A Treaty About Whales — and Nothing Else


The International Convention for the Regulation of Whaling exists to manage whale conservation and regulate whaling practices through the International Whaling Commission (IWC). Cyprus, sovereignty disputes, and questions of recognition are entirely unrelated to the treaty’s subject matter.


For this reason, Turkey’s declaration is legally unnecessary. Nothing in the convention obliges Turkey to recognize, engage with, or politically acknowledge any other state beyond the technical functioning of the treaty. The inclusion of a Cyprus-related declaration therefore serves no functional treaty purpose. Instead, it functions as political signaling.



Restating a Rejected Position


In its declaration, Turkey:


  • Claims there is no legitimate authority representing the whole of Cyprus;

  • Limits the authority of the internationally recognized Cypriot government to the southern part of the island;

  • Asserts that Turkey’s treaty participation must not be construed as recognition of the Republic of Cyprus.


This position runs directly counter to the international consensus. The Republic of Cyprus is recognized by the United Nations, the European Union, and the overwhelming majority of states worldwide. Turkey remains the sole country to deny its recognition, a stance rooted in the aftermath of the 1974 military intervention and the subsequent division of the island.


By repeating this position in unrelated international legal instruments, Turkey is not clarifying law—it is entrenching dispute.



Undermining the Spirit of the UN Charter


More broadly, this practice raises concerns about the erosion of the principles of the UN Charter, particularly those relating to:


  • Sovereign equality of states (Article 2(1)),

  • Respect for territorial integrity,

  • Non-recognition of territorial acquisition by force.

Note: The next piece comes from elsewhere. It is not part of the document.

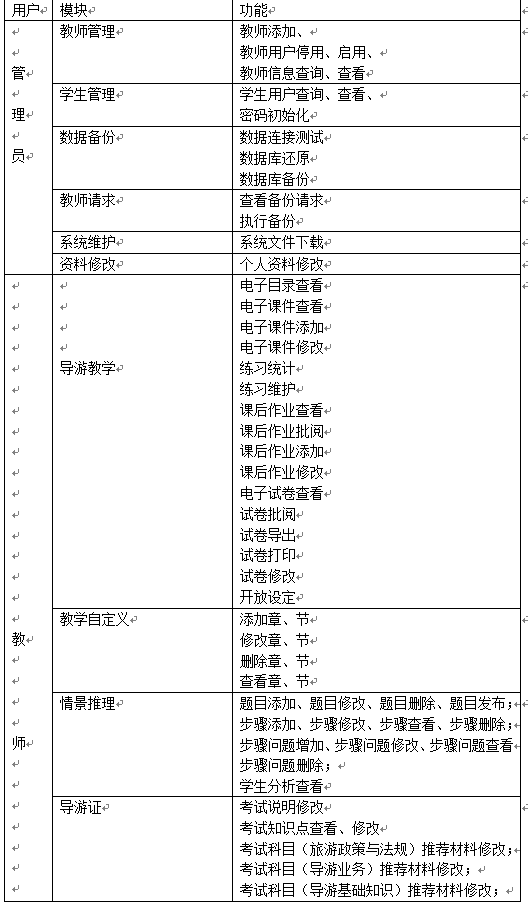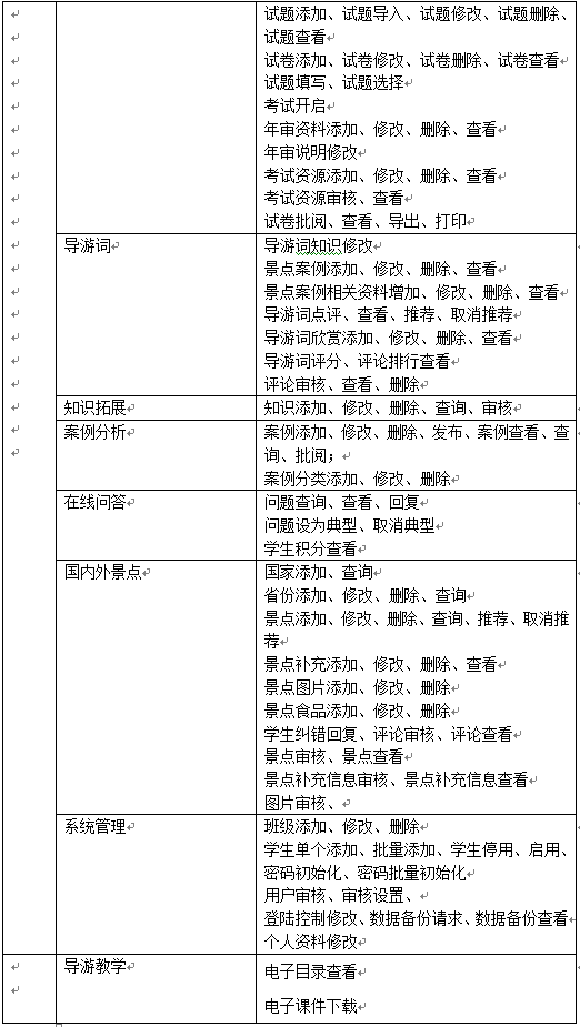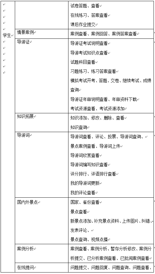 學(xue)(xue)(xue)生的主要功能是導游教學(xue)(xue)(xue)知(zhi)識的學(xue)(xue)(xue)習、完成情景推理中包含的案例及題(ti)目(mu)、導游證(zheng)考試學(xue)(xue)(xue)習及模擬考試、導游拓(tuo)展知(zhi)識學(xue)(xue)(xue)習,同時可添加新的知(zhi)識供其他同學(xue)(xue)(xue)學(xue)(xue)(xue)習、導游詞學(xue)(xue)(xue)習并(bing)編寫導游詞、國內外景點學(xue)(xue)(xue)習、案例分(fen)析和在線提問(wen)。

While Turkey’s declaration does not legally alter Cyprus’s status, its cumulative effect contributes to a pattern in which unilateral political claims are inserted into multilateral legal frameworks. This risks normalizing selective recognition and conditional participation in international agreements—an approach fundamentally at odds with the Charter’s purpose of providing a stable, rules-based international order.


If states routinely used technical treaties to challenge the sovereignty of other UN members, the coherence of treaty law and the authority of multilateral institutions would be seriously weakened.



Legal Impact vs. Political Intent


It is important to be clear:


  • Turkey’s declaration does not change international law.

  • It does not affect Cyprus’s legal personality or UN membership.

  • Other states are not bound by Turkey’s interpretation and may formally object or simply disregard it.


However, politically, the declaration is loud. It reinforces Turkey’s increasingly explicit support for a two-state outcome in Cyprus and signals a continued unwillingness to align with UN-backed frameworks for a comprehensive settlement.



Conclusion


Turkey’s accession to the whaling convention should have been a straightforward act of environmental cooperation. Instead, it was used as another platform to restate a contested geopolitical claim—one that the international community has repeatedly rejected.


While legally ineffective, such declarations matter politically. They contribute to the gradual dilution of respect for state sovereignty, undermine the spirit of the UN Charter, and transform neutral multilateral instruments into vehicles for unilateral narratives. In this sense, the document is less about whales—and more about how international law is increasingly used not to resolve disputes, but to rehearse them.